Work to be completed: Lower down are entries containing pictures. Copy exactly, without those pictures, the lines from the line with "танацетумом в сумочке2" through the line with "지어진 게 분명하다.".

Task input:
Content starts

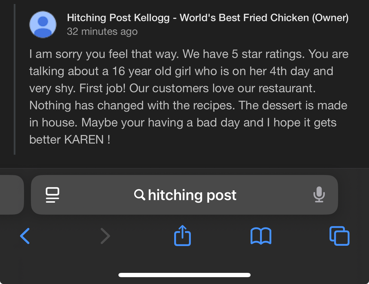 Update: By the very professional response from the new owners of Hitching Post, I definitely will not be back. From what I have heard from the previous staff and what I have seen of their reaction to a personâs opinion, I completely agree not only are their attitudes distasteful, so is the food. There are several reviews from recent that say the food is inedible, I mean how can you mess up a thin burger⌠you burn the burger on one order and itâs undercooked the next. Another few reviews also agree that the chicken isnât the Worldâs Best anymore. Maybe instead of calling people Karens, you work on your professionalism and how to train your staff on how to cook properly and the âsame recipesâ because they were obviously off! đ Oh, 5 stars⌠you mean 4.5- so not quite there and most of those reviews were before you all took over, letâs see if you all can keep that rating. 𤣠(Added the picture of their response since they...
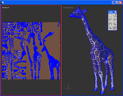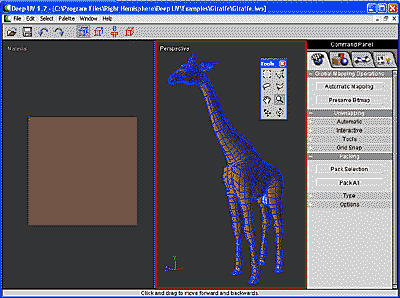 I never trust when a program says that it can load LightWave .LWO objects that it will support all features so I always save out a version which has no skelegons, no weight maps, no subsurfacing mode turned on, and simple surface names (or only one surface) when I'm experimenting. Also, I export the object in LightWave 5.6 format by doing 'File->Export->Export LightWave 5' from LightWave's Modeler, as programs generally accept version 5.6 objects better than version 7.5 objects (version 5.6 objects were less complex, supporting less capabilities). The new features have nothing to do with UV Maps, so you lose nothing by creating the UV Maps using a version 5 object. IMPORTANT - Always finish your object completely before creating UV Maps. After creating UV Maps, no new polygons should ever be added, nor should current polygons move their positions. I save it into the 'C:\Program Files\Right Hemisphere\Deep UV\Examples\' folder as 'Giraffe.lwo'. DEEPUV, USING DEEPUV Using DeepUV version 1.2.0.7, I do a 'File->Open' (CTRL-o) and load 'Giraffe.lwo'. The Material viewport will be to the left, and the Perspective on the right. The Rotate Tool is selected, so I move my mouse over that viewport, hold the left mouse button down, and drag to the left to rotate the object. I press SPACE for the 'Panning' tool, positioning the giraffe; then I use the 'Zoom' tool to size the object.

Content ends
Content starts

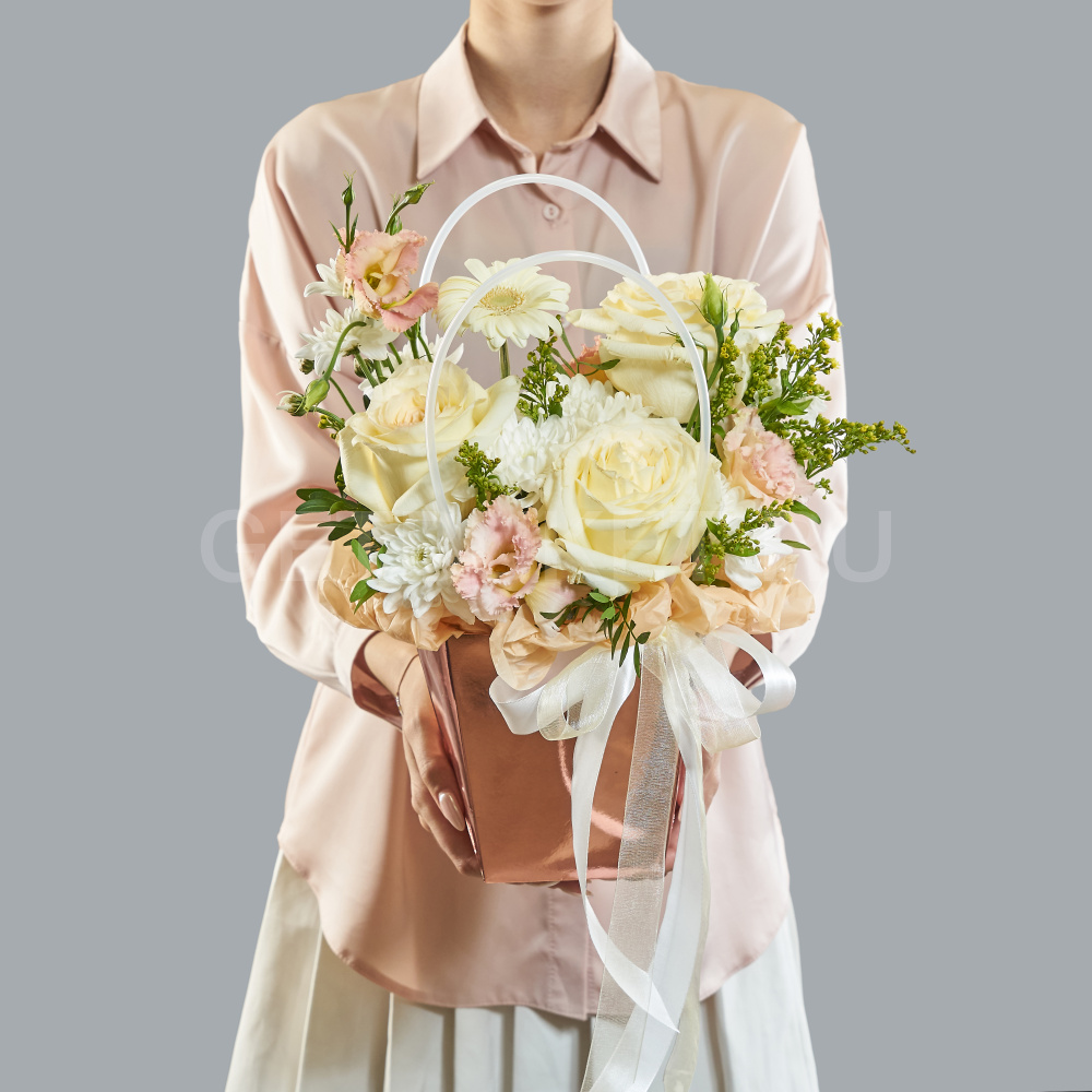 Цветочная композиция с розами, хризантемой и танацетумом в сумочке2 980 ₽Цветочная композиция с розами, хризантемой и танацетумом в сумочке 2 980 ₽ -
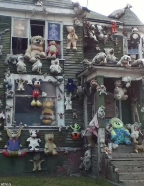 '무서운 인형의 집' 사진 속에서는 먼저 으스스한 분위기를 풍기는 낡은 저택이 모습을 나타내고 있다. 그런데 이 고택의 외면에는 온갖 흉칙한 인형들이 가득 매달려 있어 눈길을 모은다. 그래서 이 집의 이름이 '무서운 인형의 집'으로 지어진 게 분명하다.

Content ends
Content starts

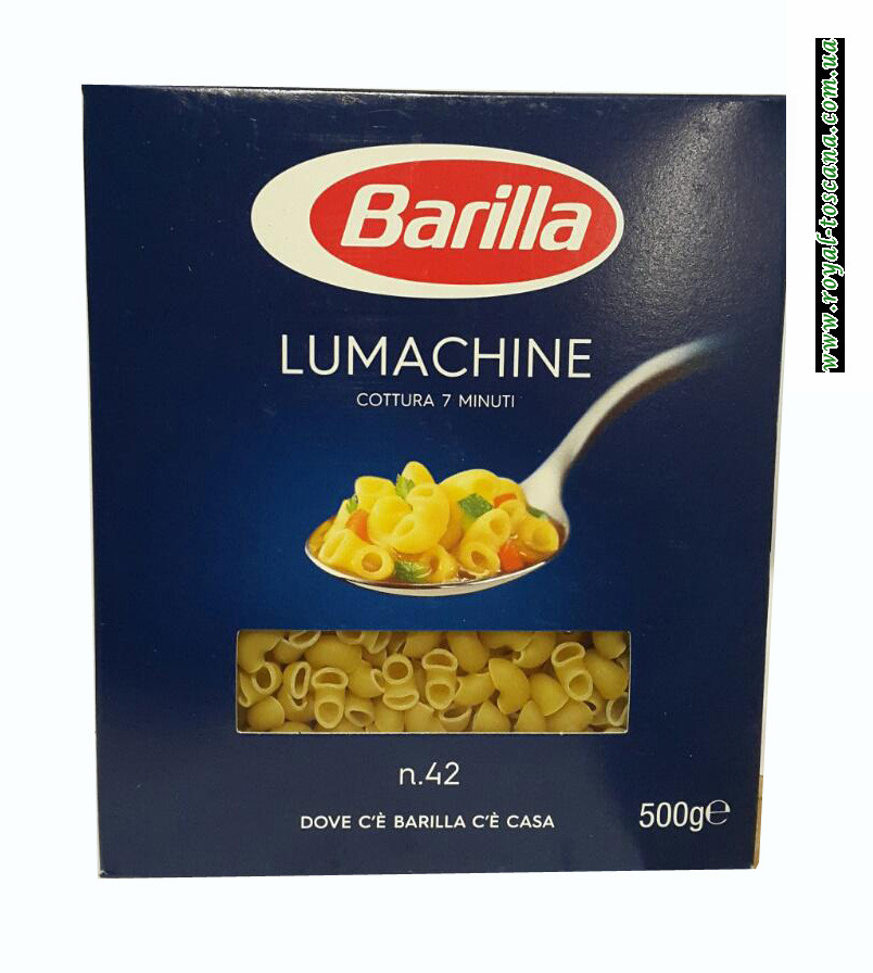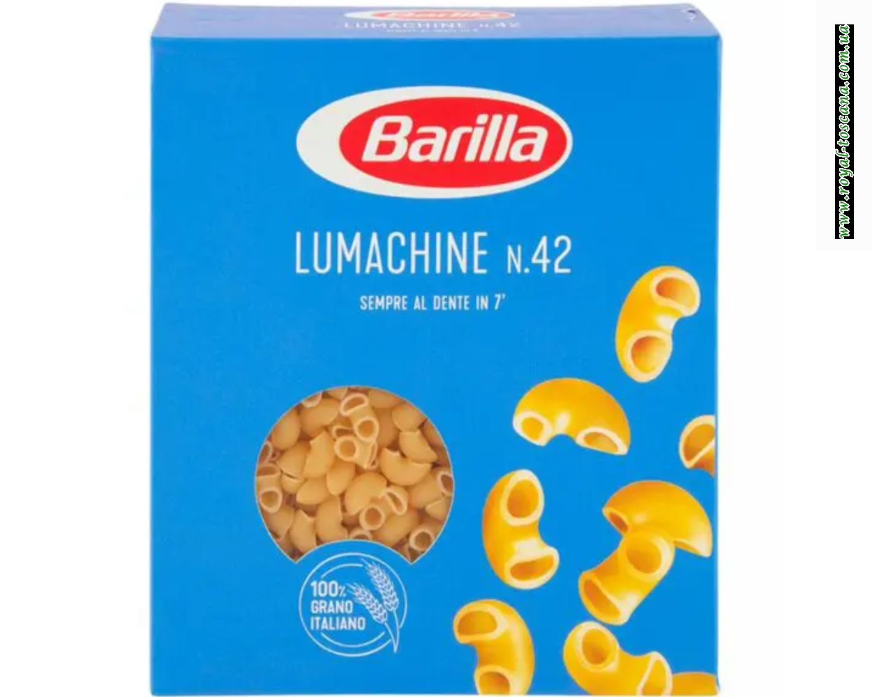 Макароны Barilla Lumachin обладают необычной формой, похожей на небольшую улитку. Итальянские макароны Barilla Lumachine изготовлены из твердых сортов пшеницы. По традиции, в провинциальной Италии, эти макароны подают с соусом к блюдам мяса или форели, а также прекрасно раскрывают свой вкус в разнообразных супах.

Content ends

Answer box:
 Цветочная композиция с розами, хризантемой и танацетумом в сумочке2 980 ₽Цветочная композиция с розами, хризантемой и танацетумом в сумочке 2 980 ₽ -
 '무서운 인형의 집' 사진 속에서는 먼저 으스스한 분위기를 풍기는 낡은 저택이 모습을 나타내고 있다. 그런데 이 고택의 외면에는 온갖 흉칙한 인형들이 가득 매달려 있어 눈길을 모은다. 그래서 이 집의 이름이 '무서운 인형의 집'으로 지어진 게 분명하다.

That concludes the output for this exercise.